Identifiers
- Symbol: MT-TL2
- Alt. symbols: MTTL2
- NCBI gene: 4568
- HGNC: 7491
- RefSeq: NC_001807

Other data
- Locus: Chr. MT

= MT-TL2 =

Transfer RNA

Mitochondrially encoded tRNA leucine 2 (CUN) also known as MT-TL2 is a transfer RNA which in humans is encoded by the mitochondrial MT-TL2 gene.

== Function ==
MT-TL2 is a small 71 nucleotide RNA (human mitochondrial map position 12266-12336) that transfers the amino acid leucine to a growing polypeptide chain at the ribosome site of protein synthesis during translation.

== Structure ==
The MT-TL2 gene is located on the p arm of the mitochondrial DNA at position 12 and it spans 75 base pairs. The structure of a tRNA molecule is a distinctive folded structure which contains three hairpin loops and resembles a three-leafed clover.

==Clinical significance==
Mutations in MT-TL2 can result in multiple mitochondrial deficiencies and associated disorders, including cardiopathy, myopathy, and encephalomyopathy. A patient with a mutation G12315A was found with encephalomyopathy with ragged-red muscle fibers. A patient with a mutation of A12320G exhibited mitochondrial myopathy, and showed signs of mitochondrial myopathy. In addition, multiple individuals with a T12297C substitution showed signs of cardiomyopathy accompanied with varying degrees.

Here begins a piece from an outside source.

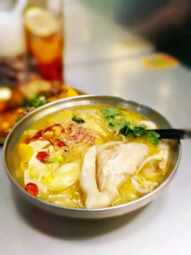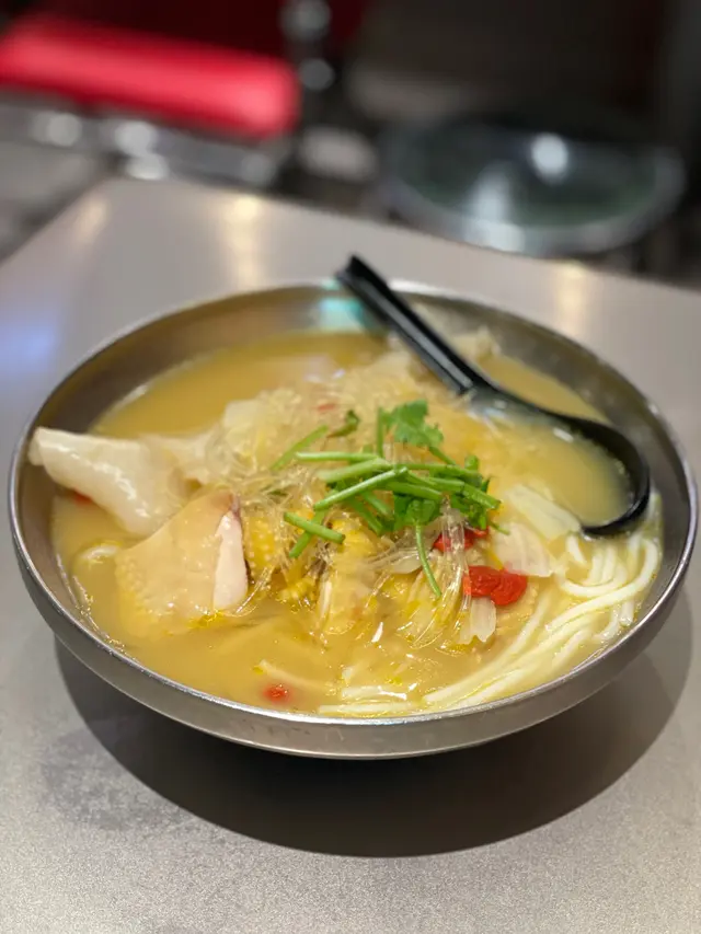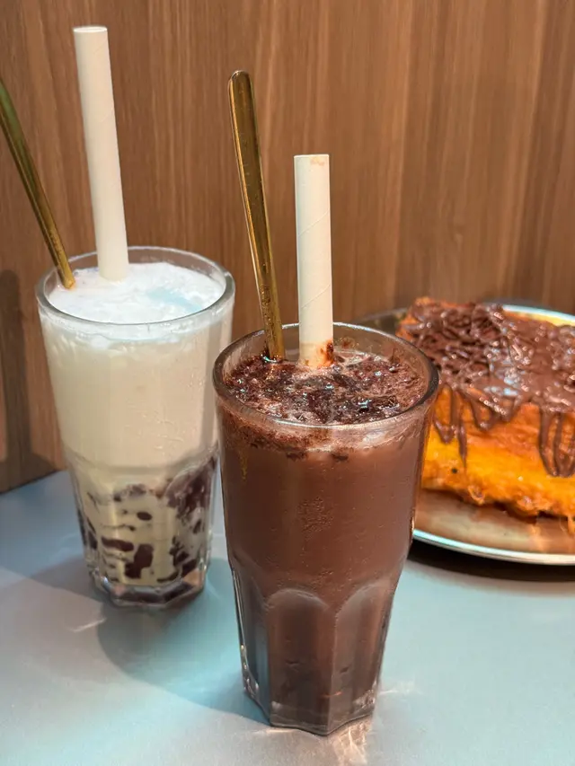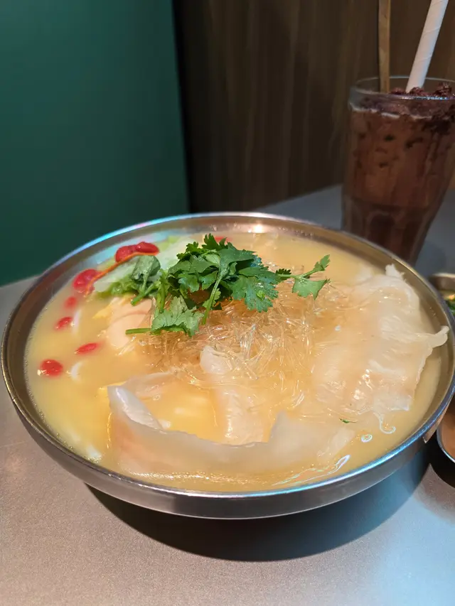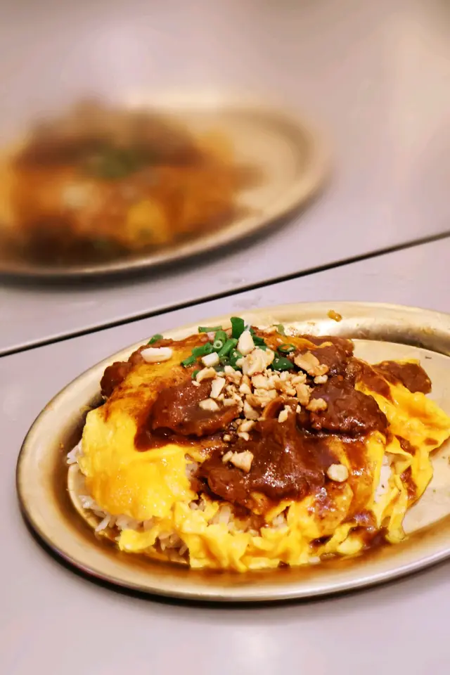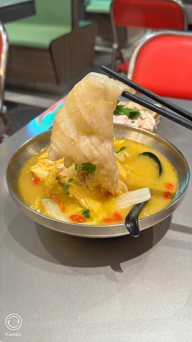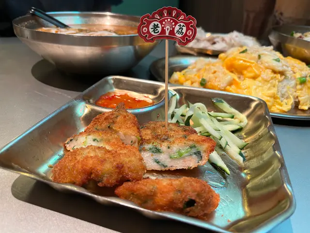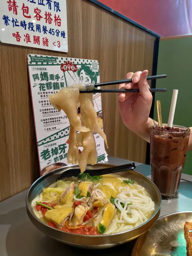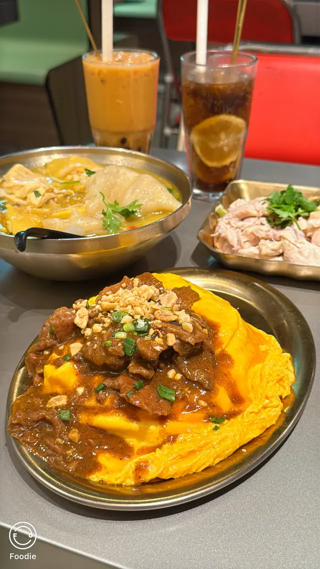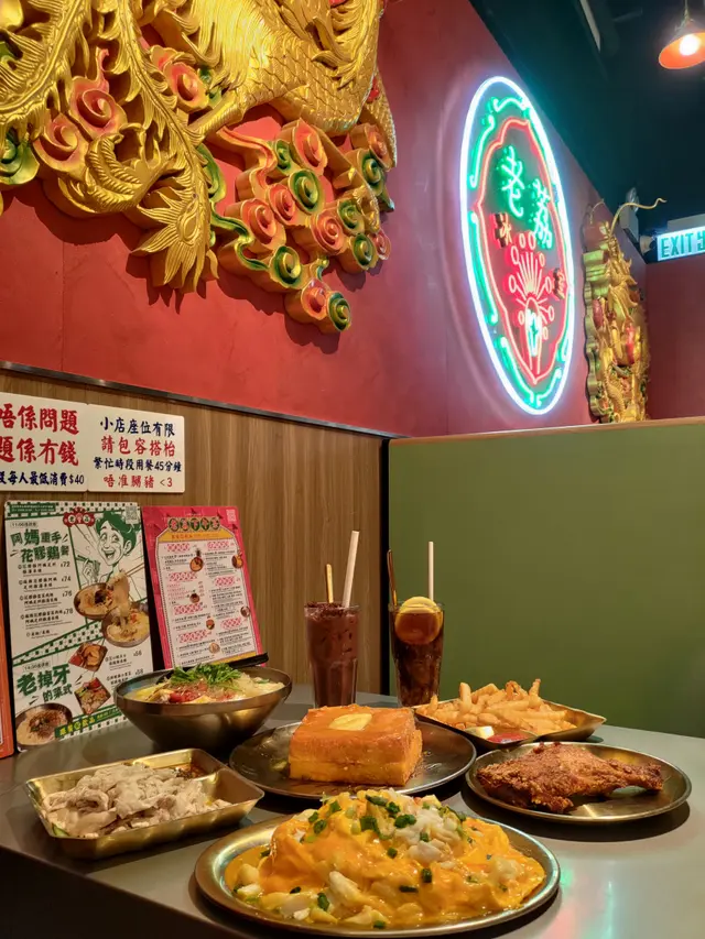 餐廳有著一個色彩繽紛的門口, 裝修像大戲戲棚般, 一看就知是老荔冰室, 非常吸睛! 🤩 連室內牆壁都有對小龍鳳, 有大量金句, 裝修滿有心思, 不過始終地方細小, 會有點迫, 但都依然有很多人排隊用饍, 證明有其吸引之處 🙂↕️滑蛋沙爹牛肉飯 $72加了大量醬汁及輕微花生醬, 鹹中帶甜, 完全不辣, 是重口味之選 😏 牛肉軟腍, 但滑蛋更出色, 做到半熟狀態, 更加滑溜! 另外加了很多細小花生碎粒, 我個人就不太喜歡, 有點格格不入 🙃花膠雞阿媽足料雞湯米線 $72鮮蝦餅小棠菜配酸辣米線 $58花膠雞煲是其中1道招牌菜, 入面有很多配料, 杞子, 雞肉, 當然少不了花膠, 還有素翅做點綴 😚 花膠蠻大件的, 這個價錢不可能要求又厚又粘性高的花膠, 至少花膠不會很硬! 唯一問題是整碗米線不夠味, 同時都證明它無添加味精 😌 反而酸辣米線惹味更多, 蝦餅即叫即炸, 入口彈牙。增肌蔥油手撕雞 $48以有約65g蛋白質做賣點, 可以配蒟蒻麵一起吃, 專門為做gym人士而設, 除了補充蛋白質, 亦不會像平時gym友吃的烚雞一樣冇味肉質粗糙 😬金沙朱古力流心西多士 $52這個是我最期待的食物, 3層厚的麵包堆砌而成, 麵包十分軟熟, 上面鋪滿朱古力, 想不到是脆的! 單是外觀已經很震撼 😍 切開預期的流心一刻, 可惜失望了, 並沒有流心的 🫠 雖然如此, 味道依然有濃郁朱古力味。椰汁紅豆冰 $26奶茶紅豆冰 $26…查看更多

MT-TL2 mutations have also been associated with complex IV deficiency of the mitochondrial respiratory chain, also known as the cytochrome c oxidase deficiency. Cytochrome c oxidase deficiency is a rare genetic condition that can affect multiple parts of the body, including skeletal muscles, the heart, the brain, or the liver. Common clinical manifestations include myopathy, hypotonia, and encephalomyopathy, lactic acidosis, and hypertrophic cardiomyopathy. A patient with a 12316G>A mutation in MT-TL2 was found with the deficiency.